# Pimp your Bike (Rahmen-Decals etc.)



## Waldwichtel (5. Mai 2012)

Hallo zusammen,

unser Angelo (Gooni) bat mich euch mitzuteilen, das er jetzt einen Schneidplotter besitzt. Wenn ihr also Decals jeglicher Art benötigt (für Rahmen, Gabel, Heckscheiben, Fahrzeuge etc.), so könnt ihr euch direkt an ihn wenden.

Kontakt: [email protected]

Benötigt wird eine Vektordatei. Sollte euer Motiv in einem anderen Format vorliegen, so kann er dieses ggf. vektorisieren. Einfach anfragen.

Möglich sind 1- und 2-farbige Drucke. 2-farbig für Schriften und 1-farbig für Motive.

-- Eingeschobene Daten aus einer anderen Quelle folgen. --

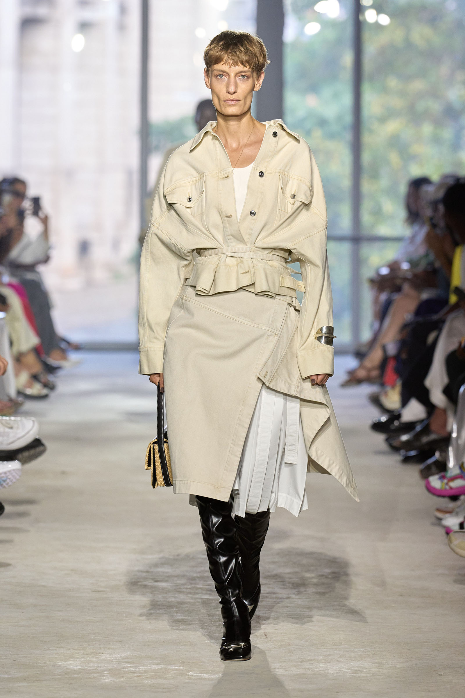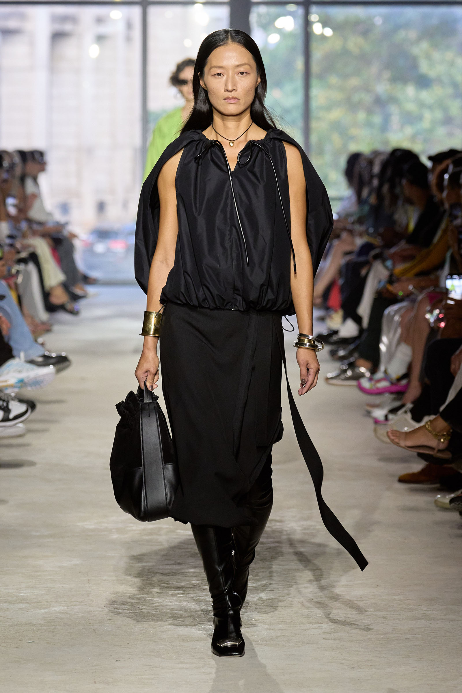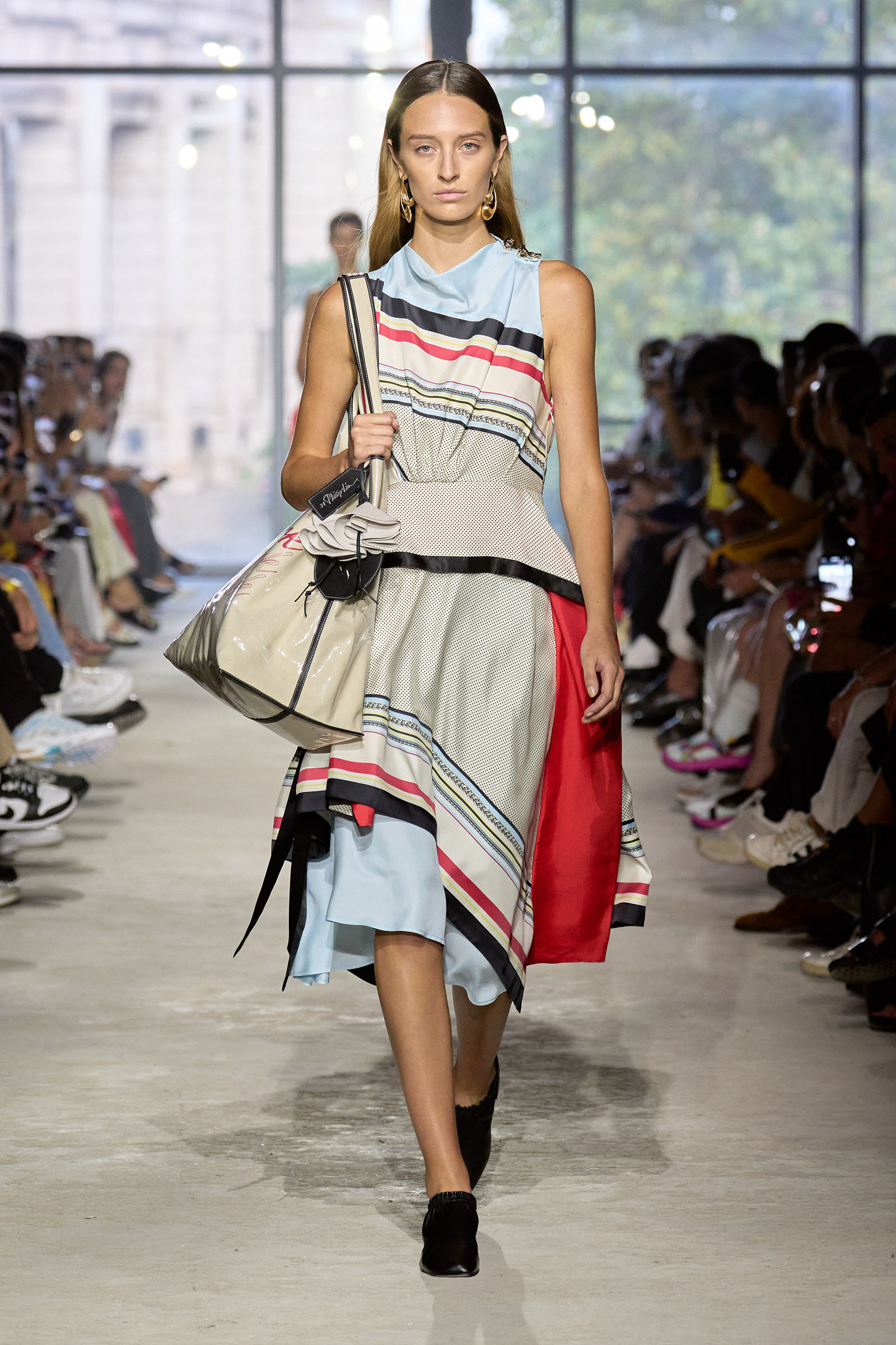 Phillip Lim was holding back tears before his show. It’s been four years since he put his collection on a New York runway, and his return had him feeling emotional. The pandemic was especially hard on independent brands like 3.1, but Lim persevered. He came to be one of American fashion’s most outspoken voices about the rising tide of anti-Asian violence during COVID. Fashionwise, he pivoted for a time to the kind of homewear we were all sporting during the lockdown, scaled back his ready-to-wear collections, and thought hard about what makes his brand unique. He grew up in California, but it’s 3.1’s New York bona fides that he opted to emphasize over the past couple of seasons. Awkwafina and Sherry Cola were in the front row wearing 3.1 sweatshirts that splice the brand logo with NYC landmarks.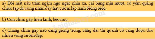 c. Chàng chim gáy nào giọng càng trong, càng dài thì quanh cổ càng được đeo nhiều vòng cườm đẹp.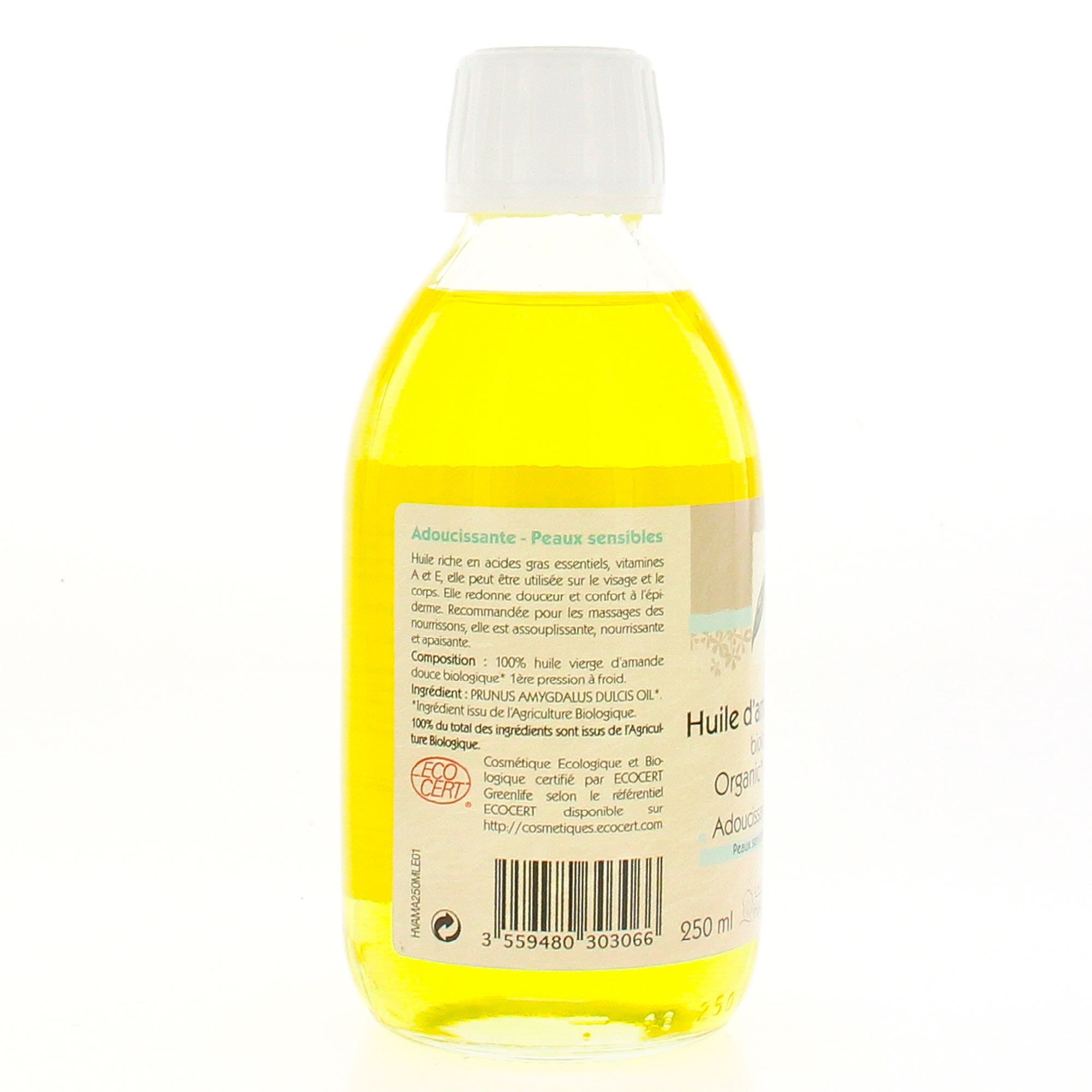 100% huile vierge d'amande douce biologique. 1ere pression à froid.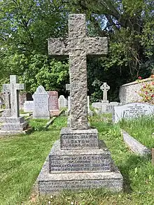 He died on 26 August 1929 at Ottery St Mary, and is buried in the graveyard of St Mary's Church, Ottery St Mary.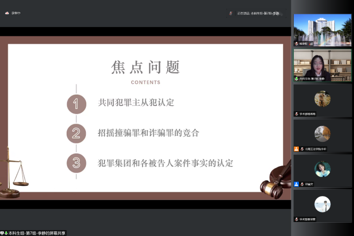 在决赛中,14支队伍各展其长、各臻其妙,合理使用多媒体手段,紧扣时事与热点,参赛选手能够将案例与法理完美融合,展现出严谨的逻辑体系与扎实的理论功底;同时能够从容沉着地应对老师们的提问,展现出卓越的思辨能力和语言表达能力。

Folgende Farben stehen derzeit zur Auswahl:
- weiß
- schwarz
- rot
- blau
- türkis
- orange

Hier mal 2 Muster.













Ich habe hier mal einen neuen Thread für eröffnet, da das vielleicht für einige interessant sein könnte.


----------



## kris. (5. Mai 2012)

Gut zu wissen...


----------



## MTB-News.de




----------



## chucki_bo (5. Mai 2012)

Decals - 

Früher hieß das Abziehbilder 

Later


----------



## Waldwichtel (5. Mai 2012)

chucki_bo schrieb:


> Decals -
> Früher hieß das Abziehbilder



Das versteht dann aber unsere Teletubbies-Generation nicht!


----------



## chucki_bo (5. Mai 2012)

Ah


----------



## crossboss (5. Mai 2012)

Hey Waldi wo is denn dein Paßbild?


----------



## Waldwichtel (5. Mai 2012)

crossboss schrieb:


> Hey Waldi wo is denn dein Paßbild?



Meinste den legendären Waldi-Schädel, die IBC-Outlaw-Fratze oder das Bild mit Alpecin-Trikot und Halloween-Maske!? 
Ich hab mal meine kultigen Marin- und Schwinn-Trikots aus den 90ern rausgekramt und dachte, das die sich auch gut als Avatarbild machen würden.


----------



## crossboss (6. Mai 2012)

den Waldi Outlaw natürlich


----------



## Stradi (8. Mai 2012)

Coole Idee diese Decals aka Abziehbilder


----------